| Function | Ref. Model | I/O Data | SubAIMs | JSON MData | Profiles | Ref. Software | Conformance | Performance |
1 Functions
The Human-CAV Interaction (HCI) Subsystem has the function to recognise the human owner or renter, respond to humans’ commands and queries, converse with humans, manifests itself as a perceptible entity, exchange information with the Autonomous Motion Subsystem in response to humans’ requests, and communicate with HCIs on board other CAVs.
The Human-CAV Interaction (MMC-HCI) AIM:
| Receives | Point of View | User’s Point of View looking at environment. |
| Audio-Visual Scene Descriptors | Audio-Visual representation of the Environment. | |
| Audio Object | From Environment | |
| Text Object | From User | |
| Visual Object | From Environment. | |
| AMS-HCI Message | AMS response to HCI request. | |
| Ego-Remote HCI Message | Remote HCI to Ego HCI message. | |
| Produces | Text Object | HCI’s Text. |
| Speech Object | HCT’s avatar Speech. | |
| Audio Object | HCI’s avatar or FED Audio. | |
| Visual Object | HCI’s avatar or FED Visual. | |
| AMS-HCI Message | HCI request to AMS, e.g., Route or Point of View. | |
| Ego-Remote HCI Message | Ego HCI to Remote HCI message. |
2 Reference Model
Figure 1 depicts the Reference Model of the (CAV-) AIM.

Figure 1 – Reference Model of the Human-CAV Interaction (MMC-HCI) AIM
3 I/O Data
Table 1 specifies the Input and Output Data of the (CAV-) AIM.

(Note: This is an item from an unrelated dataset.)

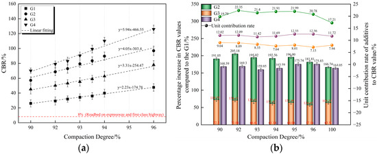 The CBR values of each proportion are shown in Figure 8a. All four proportions’ CBR values meet the minimum CBR value requirement (8%) for subgrade on expressways and first-class highways in JTG D50-2017 [36] (Specifications for Design of Highway Asphalt Pavement). The minimum value of G1 is 39.92% at 96% compaction degree, which is nearly five times higher than the requirement specified in the regulation. Among the different compaction degrees, the CBR value of G4 is greater than that of G2, G3, and G1. The CBR values of each proportion increase with the increase in compaction degree, and there is a significant linear relationship between them, shown in Equation (1).

Table 1 – I/O Data of the (CAV-) AIM
| Input data | Description |
| Point of View | Passenger’s Point of View looking at environment. |
| Audio-Visual Scene Descriptors | Audio-Visual representation of the environment. |
| Audio Object | User authentication, command/interaction with HCI, etc. and environment Audio. |
| Text Object | Text complementing/replacing User input |
| Visual Object | Environment perception, User authentication, command/interaction with HCI, etc. and environment Visual. |
| AMS-HCI Message | AMS response to HCI request. |
| Ego-Remote HCI Message | Remote HCI to Ego HCI. |
| Output data | Description |
| Text Object | HCI’s output Text. |
| Speech Object | HCT’s avatar Speech. |
| Audio Object | HCI’s avatar or FED Audio. |
| Visual Object | HCI’s avatar or FED Visual. |
| AMS-HCI Message | HCI request to AMS, e.g., Route or Point of View. |
| Ego-Remote HCI Message | Ego HCI to Remote HCI. |
4 SubAIMs
4.1 Reference Model
Figure 2 depicts the Reference Model of Human-CAV (MMC-HCI) Composite AIM.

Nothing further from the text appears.